In this context, "word"
means something that matches [a-zA-Z_]
but is not surrounded by one of
those characters (see make_bloom_from_file
in common.c
if this sounds
too complicated.)
Compile with compile.sh
, then link/copy the binaries and wordgrep.sh
into
your path.
Basic usage:
cd <some project folder>
# create the index, but skip all folders named "test" and "toolchain"
makebloom . test toolchain
# search for files that might contain the words "alert" and
# "error" - will print false positives!
bloomgrep . alert error | xargs grep "$1"
More practical:
# show all lines in the whole source tree that match "alert(.*error"
bloomgrep . alert error | xargs grep -w 'alert(.*error'
# simple wrapper: find all occurences of the word `indexArrayArgument` in the source
wordgrep.sh indexArrayArgument
This is how I use this for the Chromium source tree:
$ ls
makebloom.sh src wordgrep.sh
$ cat makebloom.sh
#!/bin/sh
makebloom . .git out test LayoutTests ManualTests toolchain hunspell_dictionaries theme test_data PerformanceTests
$ wordgrep.sh indexArrayArgument
stats: 93820 files searched, 2662 hits (2.837348%)

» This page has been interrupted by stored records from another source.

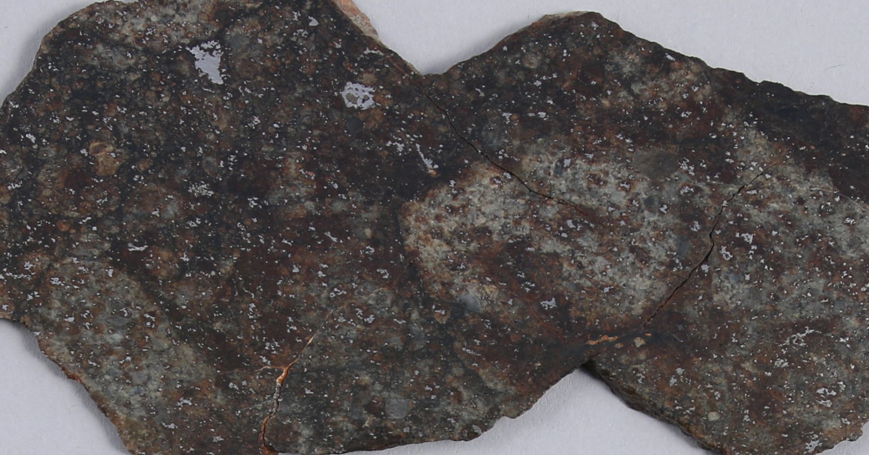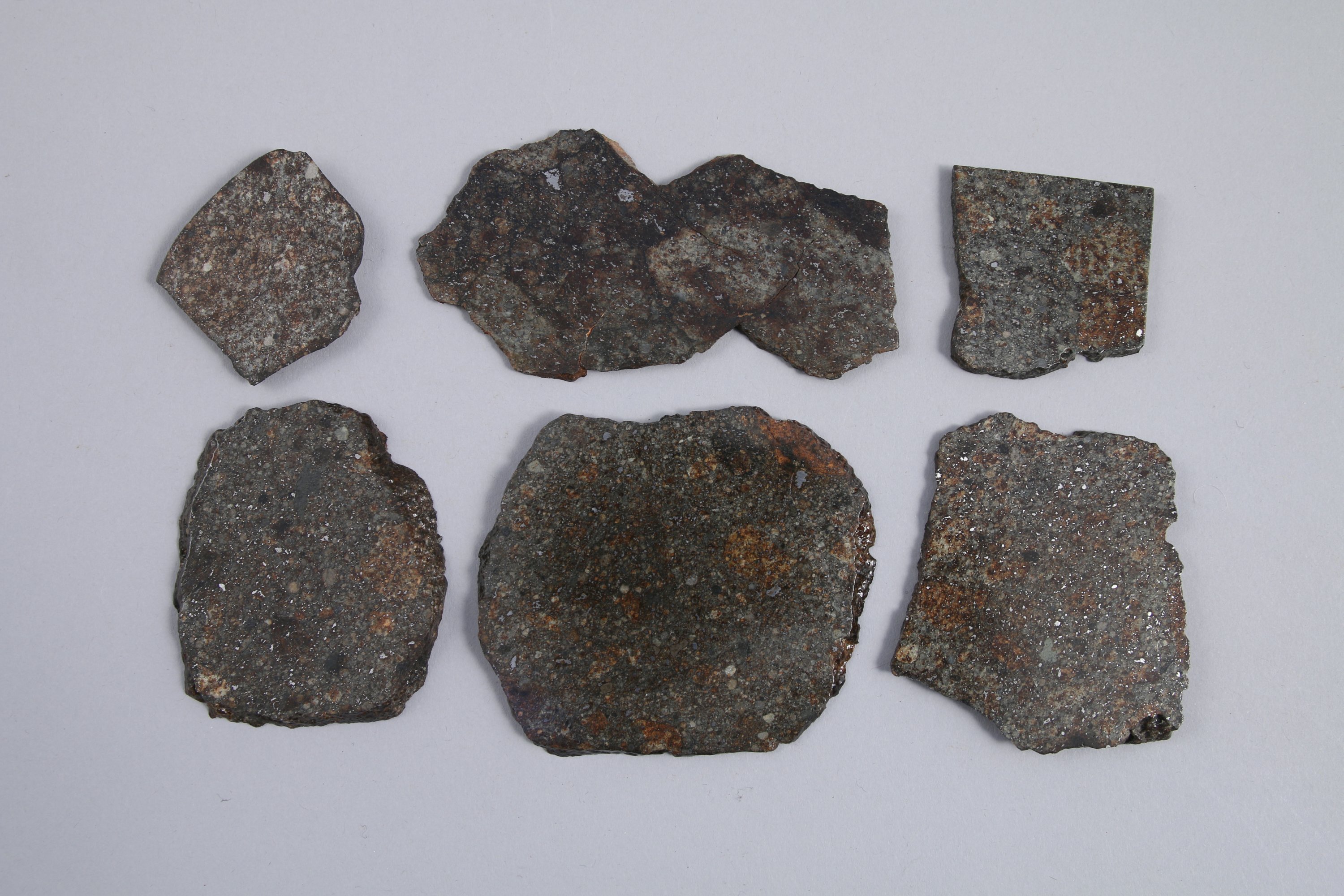 CHONDRITE H ou L. LOT de SIX TRANCHES de MÉTÉORITE de la " Ceinture d'Astéroïdes " entre Mars et Jupiter. Une face polie et légèrement vernie, l'autre naturelle.
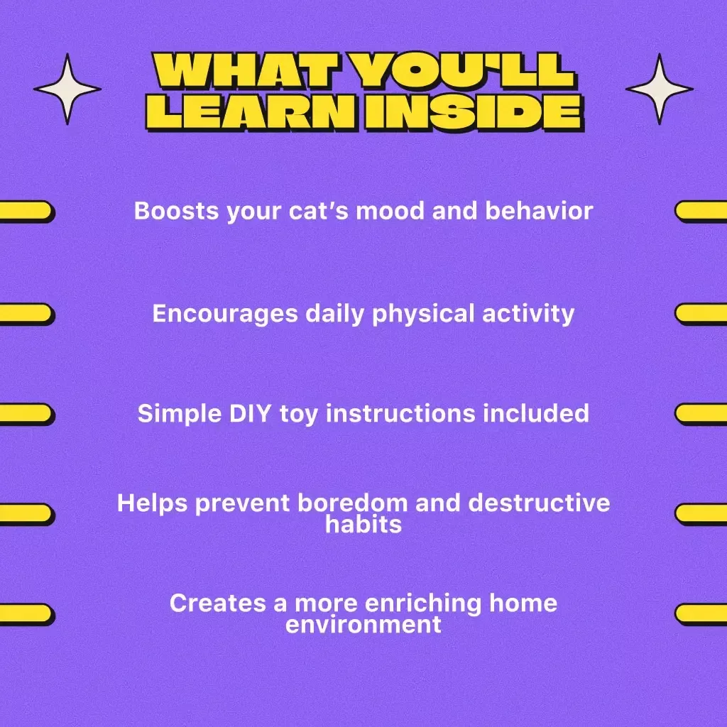 My cat was restless and often scratched furniture, but this gave me solutions that actually worked. I set up small play routines and made a few toys from the suggestions, and the difference is incredible. My cat now spends hours engaged instead of frustrated. It feels like we finally found balance in our home.
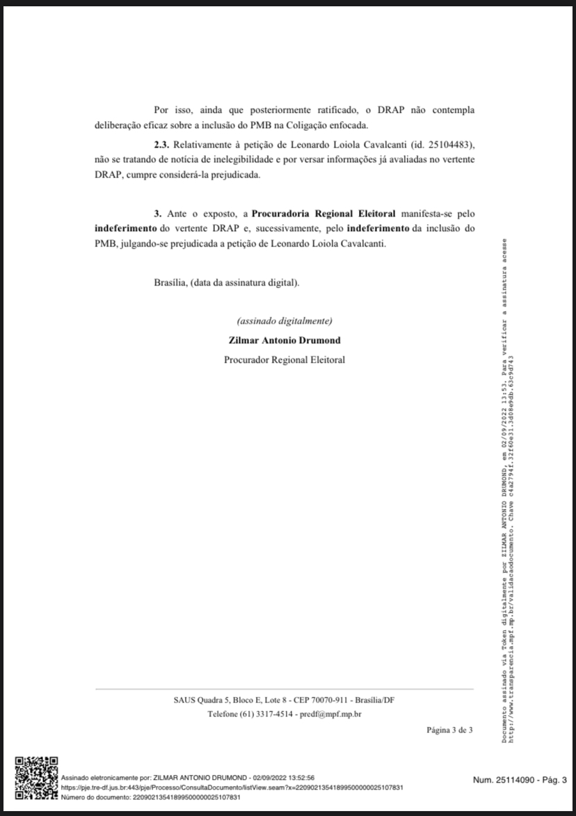Veja abaixo o parecer do MP Eleitoral do DF:
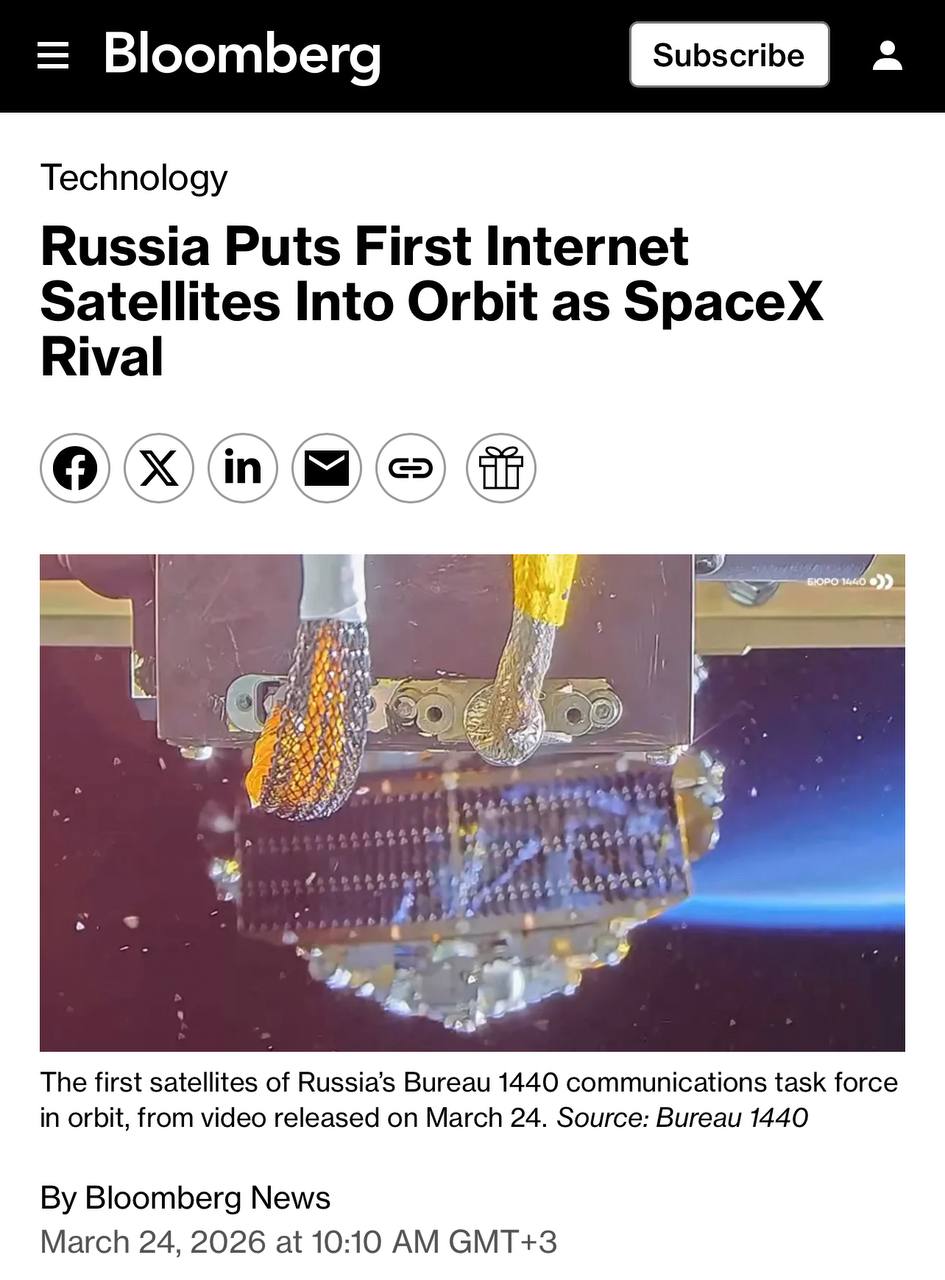 "Москва стремится создать суверенную сеть спутникового интернета, которая по своей концепции, хотя и не по масштабам, будет сравнима со Starlink", — отмечает издание.
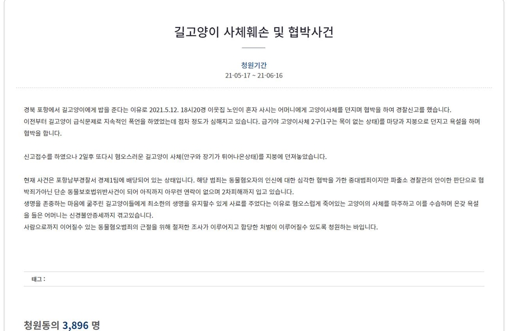 "포항 길고양이 사체 훼손 조사" 청와대 국민청원

./src/third_party/WebKit/Source/bindings/v8/custom/V8WebGLRenderingContextCustom.cpp: const int indexArrayArgument = 1;
./src/third_party/WebKit/Source/bindings/v8/custom/V8WebGLRenderingContextCustom.cpp: if (V8Float32Array::hasInstance(info[indexArrayArgument], info.GetIsolate())) {
./src/third_party/WebKit/Source/bindings/v8/custom/V8WebGLRenderingContextCustom.cpp: Float32Array* array = V8Float32Array::toNative(info[indexArrayArgument]->ToObject());
./src/third_party/WebKit/Source/bindings/v8/custom/V8WebGLRenderingContextCustom.cpp: if (info[indexArrayArgument].IsEmpty() || !info[indexArrayArgument]->IsArray()) {
./src/third_party/WebKit/Source/bindings/v8/custom/V8WebGLRenderingContextCustom.cpp: exceptionState.throwTypeError(ExceptionMessages::argumentNullOrIncorrectType(indexArrayArgument + 1, "Array"));
./src/third_party/WebKit/Source/bindings/v8/custom/V8WebGLRenderingContextCustom.cpp: const int indexArrayArgumentIndex = 1;
./src/third_party/WebKit/Source/bindings/v8/custom/V8WebGLRenderingContextCustom.cpp: if (V8Int32Array::hasInstance(info[indexArrayArgumentIndex], info.GetIsolate())) {
./src/third_party/WebKit/Source/bindings/v8/custom/V8WebGLRenderingContextCustom.cpp: Int32Array* array = V8Int32Array::toNative(info[indexArrayArgumentIndex]->ToObject());
./src/third_party/WebKit/Source/bindings/v8/custom/V8WebGLRenderingContextCustom.cpp: if (info[indexArrayArgumentIndex].IsEmpty() || !info[indexArrayArgumentIndex]->IsArray()) {
./src/third_party/WebKit/Source/bindings/v8/custom/V8WebGLRenderingContextCustom.cpp: exceptionState.throwTypeError(ExceptionMessages::argumentNullOrIncorrectType(indexArrayArgumentIndex + 1, "Array"));
./src/third_party/WebKit/Source/bindings/v8/custom/V8WebGLRenderingContextCustom.cpp: v8::Handle<v8::Array> array = v8::Local<v8::Array>::Cast(info[indexArrayArgumentIndex]);
Note all the exclusions - if you e.g. don't exclude .git
, you'll
experience a significant slowdown because all the git packfiles will
trigger false positive matches because they're so big - this is caused
by the bloomfilters having a fixed per-file length.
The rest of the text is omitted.